The net reservoir thickness of Facha reservoir ranges from 96.50 ft at A1 well to 130.50 ft at A5 well and was calculated according to the cutoff values. However, the pay thickness ranges from 0 ft at A5 well to 53.5 ft at A8 well, which implies that the south and north of the study area have a tendency to have more amounts of recoverable hydrocarbons (Fig. 17).

Fig. 17
figure 17

Average net pay thickness of the Facha reservoir in the study area


The study of petrophysical characteristics and evaluation of hydrocarbon potentiality of the Lower Eocene Facha reservoir were established based on geological information and the results obtained from well log analysis in Hakim Oil Field.

We concluded from cross-plot analysis that the lithology of the Facha reservoir varies from calcareous dolostone in A1, A5 and A13 wells with an increase in clay content in A1 and A5 wells, limestone in A3 well with slightly increase in clay content, dolostone in A4 well with an increase in clay content, and dolomitic limestone in A8 well with less clay content. The Facha reservoir in all wells includes few anhydrite interbeds with an increase in limestones in the lower parts.

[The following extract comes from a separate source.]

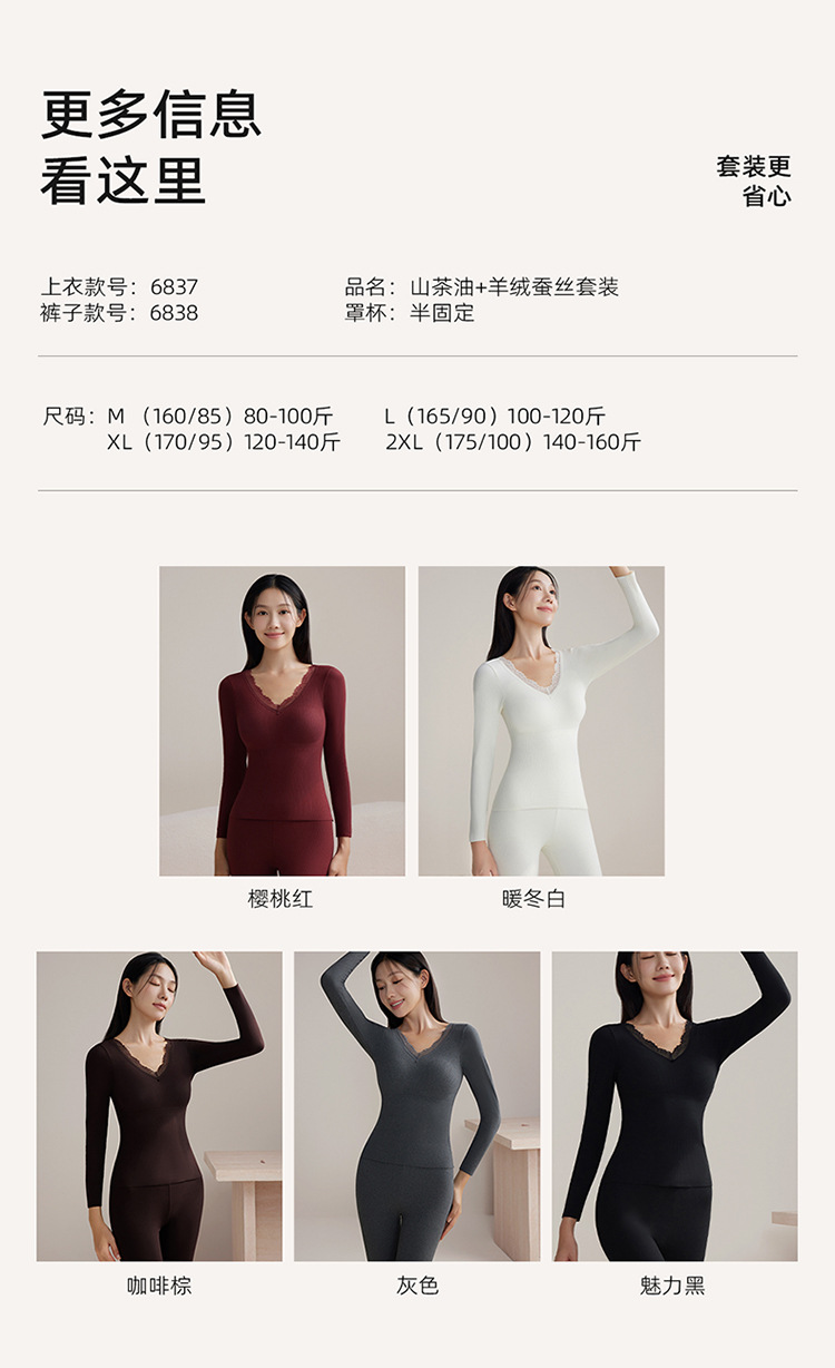 2025秋冬保暖长袖女V领蕾丝固定杯羊绒蚕丝贴片长袖长裤保暖套装
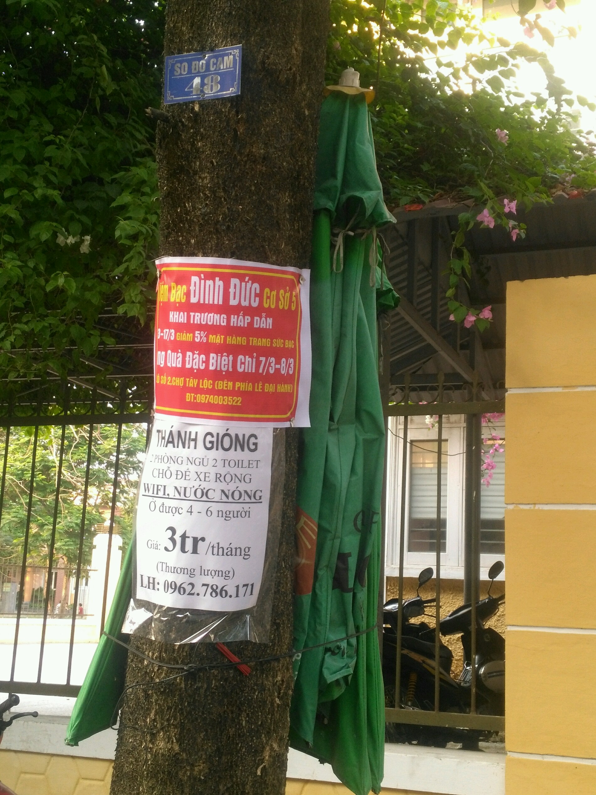 16 giờ 47 phút, ngày 9/03/2019, phát hiện Tiệm bạc Đình Đức (địa chỉ Lô số 2 Chợ Tây Lộc, phía đường Lê Đại Hành) có hành vi vi phạm pháp luật quảng cáo: thực hiện đóng đinh treo bảng quảng cáo vào thân cây. Vị trí cây bị đóng đinh: sát Uỷ ban nhân dân phường Tây Lộc. Mong cơ quan chức năng có phương án xử lý các trường hợp này! Xin cám ơn!

The structural settings might play an important role in change of pay thickness and effective porosity, rather than change in facies.

The multi-well cross-plot of shale content versus effective porosity cross-plot and gamma ray scale, in addition to, water saturation versus effective porosity cross-plot accompanied also by gamma ray scale were used to define the different required cutoffs to discriminate between reservoir and non-reservoir intervals. The cutoff values of the effective pays were determined as 20% for shale content, 10% for porosity and 70% for water saturation.

Contour maps of water saturation, porosity and net pay thickness show that the Facha reservoir has good petrophysical properties, especially in south and north of the study area and is favorable for oil accumulation.